>>>

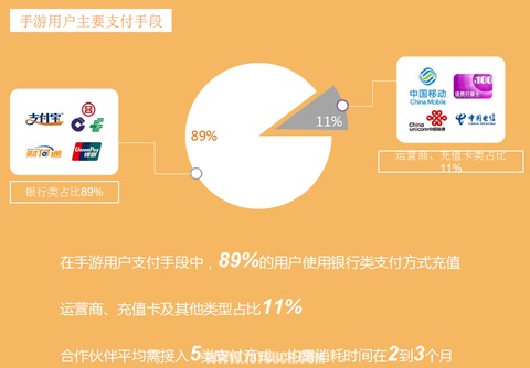 与此同时,我们做了一个统计,游戏支付平均需接入5类支付方式,而每一类的上线时间需要2至3个月。
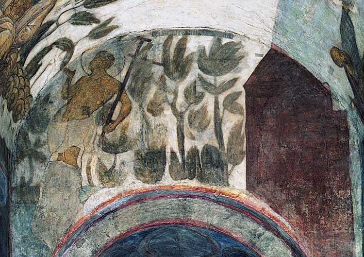 Даниил. Райские врата и благоразумный разбойник. Фреска западной люнеты в южном нефе. Владимир, Успенский собор. 1408 г. А нравственность ведь вещь достаточно простая, требования здесь ясные, четкие и понятные, они касаются поведения человека в этом мире и его отношения к этому миру. Они же совершенно очевидны, эти отношения: нельзя убивать, нельзя красть, нельзя причинять зло человеку… Христианство говорит: «Нет, дело не просто в нравственности». И указывает на Евангелие. Кто распял Христа? Исполнители нравственного закона иудейской религии! Они оказались отверженными от Бога, предателями Бога. Кто первый спасся? Это невероятный парадокс: преступник и бандит. Оказывается, условием вхождения в вечность является не просто нравственность. Человек может быть нравственным, исполнять все нравственные предписания, но это может быть человек с такой гордыней, с таким самомнением, с таким тщеславием, с такой завистью! Это страсти, которые внутри нас. Это характеристики его духовного состояния. Вот христианство и говорит: для достижения вечной жизни требуется не просто нравственность.
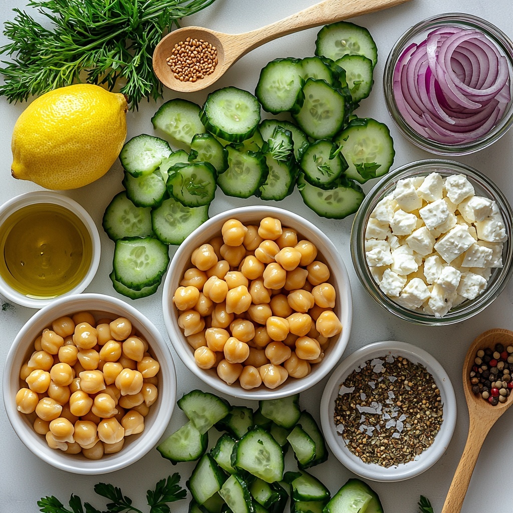 A refreshing and easy-to-make Chickpea Feta Salad combining protein-packed chickpeas with creamy feta, crisp cucumber, and a zesty herb dressing. Perfect as a light lunch or a flavorful side, this salad is tossed in a tangy blend of lemon, red wine vinegar, and spices, then chilled for optimal flavor.

<<<

_Work item_
Pictures must be left out. Return verbatim only the lines from the line with "Даниил. Райские врата" through the final line of the material above, including both ends.

_Result of this task_
 Даниил. Райские врата и благоразумный разбойник. Фреска западной люнеты в южном нефе. Владимир, Успенский собор. 1408 г. А нравственность ведь вещь достаточно простая, требования здесь ясные, четкие и понятные, они касаются поведения человека в этом мире и его отношения к этому миру. Они же совершенно очевидны, эти отношения: нельзя убивать, нельзя красть, нельзя причинять зло человеку… Христианство говорит: «Нет, дело не просто в нравственности». И указывает на Евангелие. Кто распял Христа? Исполнители нравственного закона иудейской религии! Они оказались отверженными от Бога, предателями Бога. Кто первый спасся? Это невероятный парадокс: преступник и бандит. Оказывается, условием вхождения в вечность является не просто нравственность. Человек может быть нравственным, исполнять все нравственные предписания, но это может быть человек с такой гордыней, с таким самомнением, с таким тщеславием, с такой завистью! Это страсти, которые внутри нас. Это характеристики его духовного состояния. Вот христианство и говорит: для достижения вечной жизни требуется не просто нравственность.
 A refreshing and easy-to-make Chickpea Feta Salad combining protein-packed chickpeas with creamy feta, crisp cucumber, and a zesty herb dressing. Perfect as a light lunch or a flavorful side, this salad is tossed in a tangy blend of lemon, red wine vinegar, and spices, then chilled for optimal flavor.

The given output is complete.